Last year in March, she helped lead the largest demonstration for women's rights in Kuwaiti history when hundreds of women shouted out in parliament before being expelled.
With continued pressure from the emir, parliament finally passed the suffrage bill in May 2005. Dashti immediately decided to run in the next elections, scheduled for mid-2007.
But after a march on parliament earlier this year, when hundreds of young Kuwaitis demanded electoral reform, in which Dashti also took part, the new emir, Sabah al-Ahmad al-Sabah, dissolved parliament and called for early elections June 29.
If Dashti does not win, it might be more for her associations and accent than for her capabilities. Dashti's accent veers to the Lebanese, where her mother is from, and she has relied on support and training by foreign nongovernmental organizations, including American ones such as the National Democratic Institute and the Middle East Partnership Initiative. "We wanted women to have access to this training. We solicited various experiences about how to prepare ourselves. We wanted to equip and position ourselves early so that when we got our rights we would be ready," she said.
The hardest part of the struggle, Dashti said, has been the insults and rumors.

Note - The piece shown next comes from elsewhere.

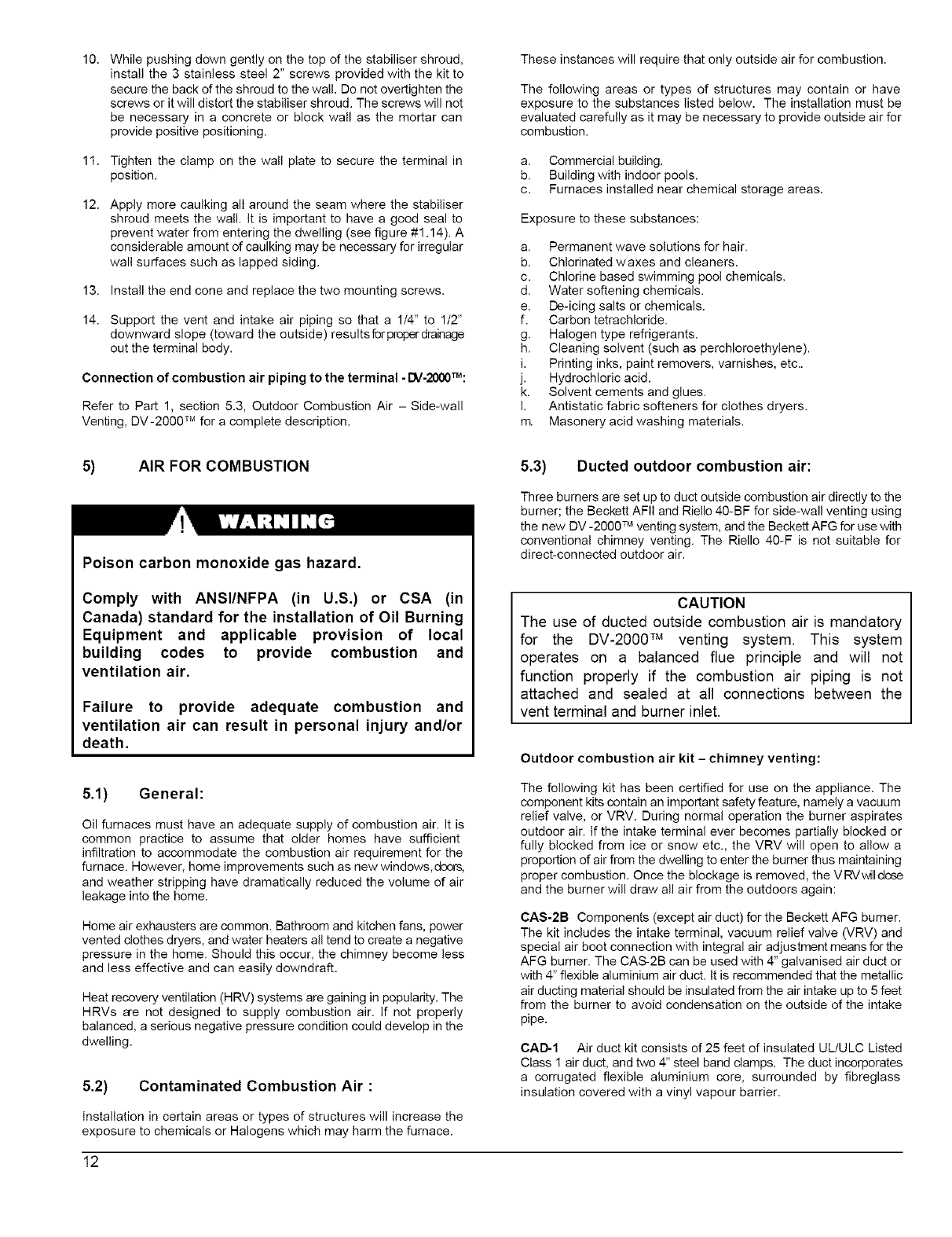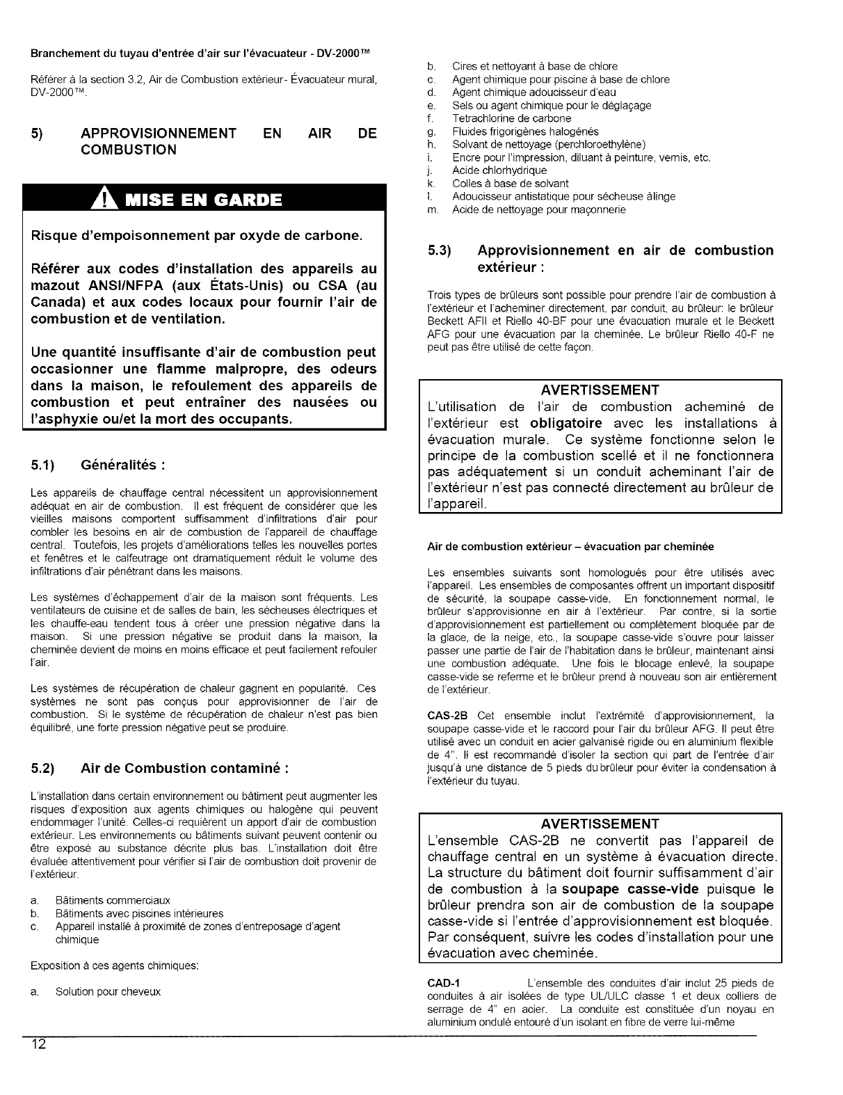 b. You must have a sufficient supply of fresh air for combustion and

Her critics have said she should be jailed and that she and other activists who accept foreign help and training are traitors.
"We were accused of being unpatriotic, of being anti-religion, of being anti-family. They said if women are allowed to run for office, this will promote promiscuity and divorce and homosexuality," she said.
Her detractors, she said, are extremists trying to hoard power and exclude women, while she is promoting democracy and inclusion. "The barometer for democracy is where you stand on women," she says.
In her last rally before election day, men sat in rows on one side and women on the other, filling up the huge campaign tent. After several female speakers seated on a platform talked about the importance of voting for Dashti, recounting how she had supported women over the years, it was Dashti's turn to speak.
She picked up the microphone, got off the dais, and walked up to the rows of supporters. "On June 29, we will make history. This 10th constituency will make history. Kuwait will make history," she told the crowd, her voice breaking.
"Please don't be lazy. Don't say it's too hot. Don't say I want to sleep. Get up and vote. I want your support. I want your votes. All I want is to serve Kuwait and its people," she said as the crowd cheered and clapped.